┌────────

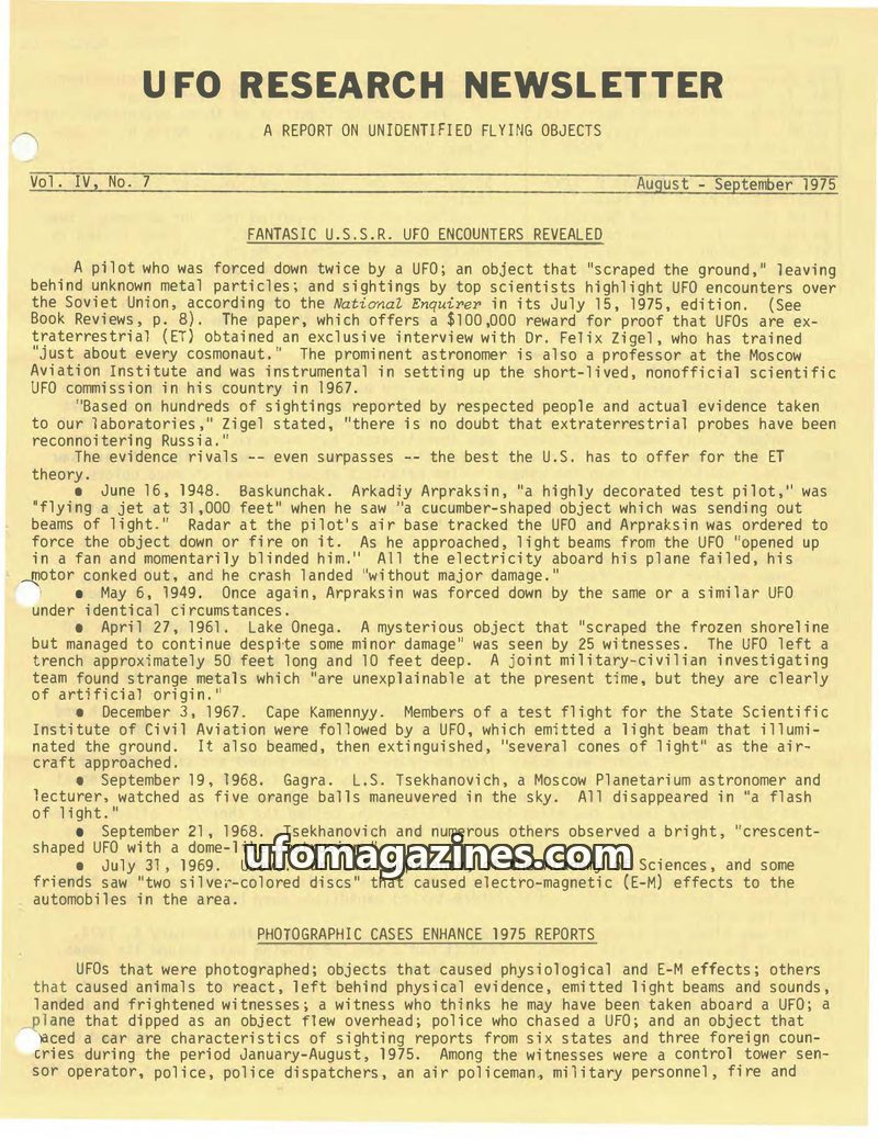 This issue of UFO Research Newsletter highlights numerous UFO encounters, particularly focusing on "Fantastic U.S.S.R. UFO Encounters Revealed," featuring reports compiled by Dr. F
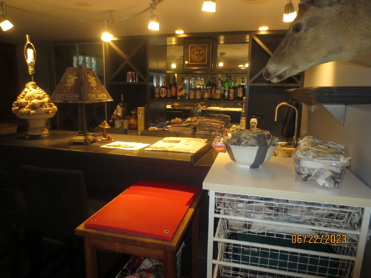 Brick ranch located in a private, semi-cul-de-sac location. Long time family owned and nicely updated. Kitchen with garden window, newer white cabinets with white appliances. Combination granite counter top and butcher block corner. Third bedroom has been modified into a library which is open to the living room and can easily double as the third bedroom. Hardwood and laminate floors on the main level. There's an exit from one of the bedrooms into an enclosed rear porch. Updated bathrooms, finished basement with a rec room, wet bar, summer kitchen, and bathroom with shower. Gas forced air furnace is set up for central air, however the outside condenser unit was removed and a new one needs to be installed . Windows have been replaced, house tuckpointed. Rear yard has a Gazebo that is currently used to store patio furniture. Other than de-cluttering, the home is in great condition but being Sold "as-is".
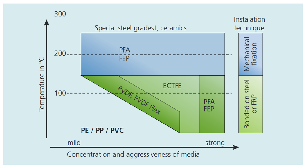 Có nhiều lựa chọn vật liệu và độ dày của lớp nhựa lót cho bồn bể để khách hàng lựa chọn, căn cứ vào khả năng tương thích hóa chất của vật liệu nhựa lót và điều kiện sử dụng (nhiệt độ, áp suất, nồng độ hóa chất).
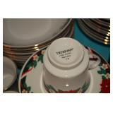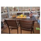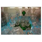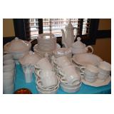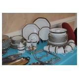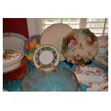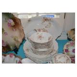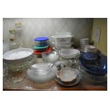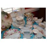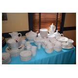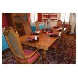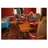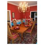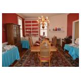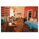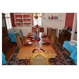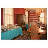 Dining Room: Rectangular Oak Dining Room Table with 4 leaves and 6 chairs, China Cabinet with Glass Front, Buffet, Glassware, Crystal, China (Limoge, Bavarian, Lenox, Tienshan, Studio Nova Garden Blossom), Rug, and More.
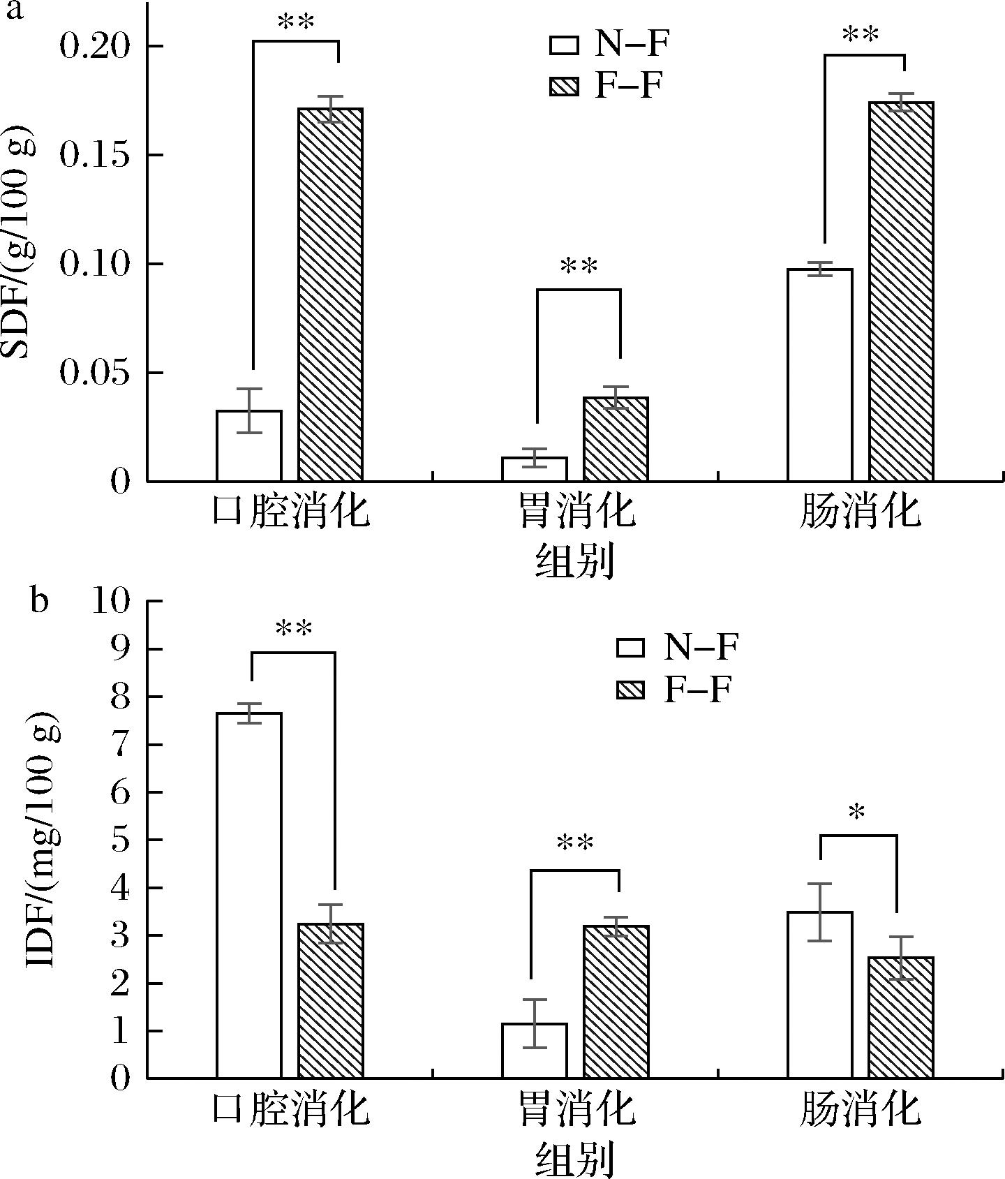 由图6-a可知,F-F在3种消化环境中的SDF含量均显著高于N-F,分别是N-F组的5.26、3.54、1.78倍,并且2组样品的IDF在消化过程中均呈现下降趋势,F-F下降趋势较缓(图6-b)。可能是由于SDF主要由果胶、葡聚糖等多糖组成,而微生物发酵的代谢活动产生的酶催化糖苷键断裂,促进IDF向SDF转化,对膳食纤维产生改性效果[23]。2组样品的SDF含量在消化过程中呈现先下降后上升的趋势,与总酚含量在消化过程的趋势相同。这可能是模拟胃消化环境使TDF中的多糖大分子产生沉淀,SDF含量减少,而在肠消化阶段由酸性条件过渡到包含胆盐及Na2CO3的温和碱性条件,使多糖大分子被分解为小分子,SDF含量增加[24],所以呈现先下降后上升的趋势。
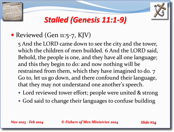 Verse 8 summarizes the results, “the Lord scattered them abroad from thence upon the face of the earth and they left off to build the city” and its tower. Their focus was the immediate need to find others of their new language that they might communicate and understand one another. They longed for the tight unity that they once had, but it would not be found in those they once communed with. Now, they must search out others like themselves and find new places to congregate together. The impact was very much like God’s allowing persecution among the early church at Jerusalem. They were complacent in staying where they were, but God’s need was for them to, “receive power, after that the Holy Ghost is come upon you: and ye shall be witnesses unto me both in Jerusalem, and in all Judaea, and in Samaria, and unto the uttermost part of the earth” (Acts 1:8). In the power of the Holy Spirit, the early Christians had to leave Jerusalem for Judea, Samaria and the uttermost parts of the earth. In the early church, God allowed persecution. In Babylonia, He allow the confusion of multiple languages. Now, the Babylonians were moving out in every direction looking for places to settle with people who spoke their language. And when they found them, they could celebrate the Lord God who sent them.

└────────

WHAT IS EXPECTED: Repeat the data verbatim, excluding all pictures.

EXPECTED ANSWER:
 This issue of UFO Research Newsletter highlights numerous UFO encounters, particularly focusing on "Fantastic U.S.S.R. UFO Encounters Revealed," featuring reports compiled by Dr. F
 Brick ranch located in a private, semi-cul-de-sac location. Long time family owned and nicely updated. Kitchen with garden window, newer white cabinets with white appliances. Combination granite counter top and butcher block corner. Third bedroom has been modified into a library which is open to the living room and can easily double as the third bedroom. Hardwood and laminate floors on the main level. There's an exit from one of the bedrooms into an enclosed rear porch. Updated bathrooms, finished basement with a rec room, wet bar, summer kitchen, and bathroom with shower. Gas forced air furnace is set up for central air, however the outside condenser unit was removed and a new one needs to be installed . Windows have been replaced, house tuckpointed. Rear yard has a Gazebo that is currently used to store patio furniture. Other than de-cluttering, the home is in great condition but being Sold "as-is".
 Có nhiều lựa chọn vật liệu và độ dày của lớp nhựa lót cho bồn bể để khách hàng lựa chọn, căn cứ vào khả năng tương thích hóa chất của vật liệu nhựa lót và điều kiện sử dụng (nhiệt độ, áp suất, nồng độ hóa chất).
 Dining Room: Rectangular Oak Dining Room Table with 4 leaves and 6 chairs, China Cabinet with Glass Front, Buffet, Glassware, Crystal, China (Limoge, Bavarian, Lenox, Tienshan, Studio Nova Garden Blossom), Rug, and More.
 由图6-a可知,F-F在3种消化环境中的SDF含量均显著高于N-F,分别是N-F组的5.26、3.54、1.78倍,并且2组样品的IDF在消化过程中均呈现下降趋势,F-F下降趋势较缓(图6-b)。可能是由于SDF主要由果胶、葡聚糖等多糖组成,而微生物发酵的代谢活动产生的酶催化糖苷键断裂,促进IDF向SDF转化,对膳食纤维产生改性效果[23]。2组样品的SDF含量在消化过程中呈现先下降后上升的趋势,与总酚含量在消化过程的趋势相同。这可能是模拟胃消化环境使TDF中的多糖大分子产生沉淀,SDF含量减少,而在肠消化阶段由酸性条件过渡到包含胆盐及Na2CO3的温和碱性条件,使多糖大分子被分解为小分子,SDF含量增加[24],所以呈现先下降后上升的趋势。
 Verse 8 summarizes the results, “the Lord scattered them abroad from thence upon the face of the earth and they left off to build the city” and its tower. Their focus was the immediate need to find others of their new language that they might communicate and understand one another. They longed for the tight unity that they once had, but it would not be found in those they once communed with. Now, they must search out others like themselves and find new places to congregate together. The impact was very much like God’s allowing persecution among the early church at Jerusalem. They were complacent in staying where they were, but God’s need was for them to, “receive power, after that the Holy Ghost is come upon you: and ye shall be witnesses unto me both in Jerusalem, and in all Judaea, and in Samaria, and unto the uttermost part of the earth” (Acts 1:8). In the power of the Holy Spirit, the early Christians had to leave Jerusalem for Judea, Samaria and the uttermost parts of the earth. In the early church, God allowed persecution. In Babylonia, He allow the confusion of multiple languages. Now, the Babylonians were moving out in every direction looking for places to settle with people who spoke their language. And when they found them, they could celebrate the Lord God who sent them.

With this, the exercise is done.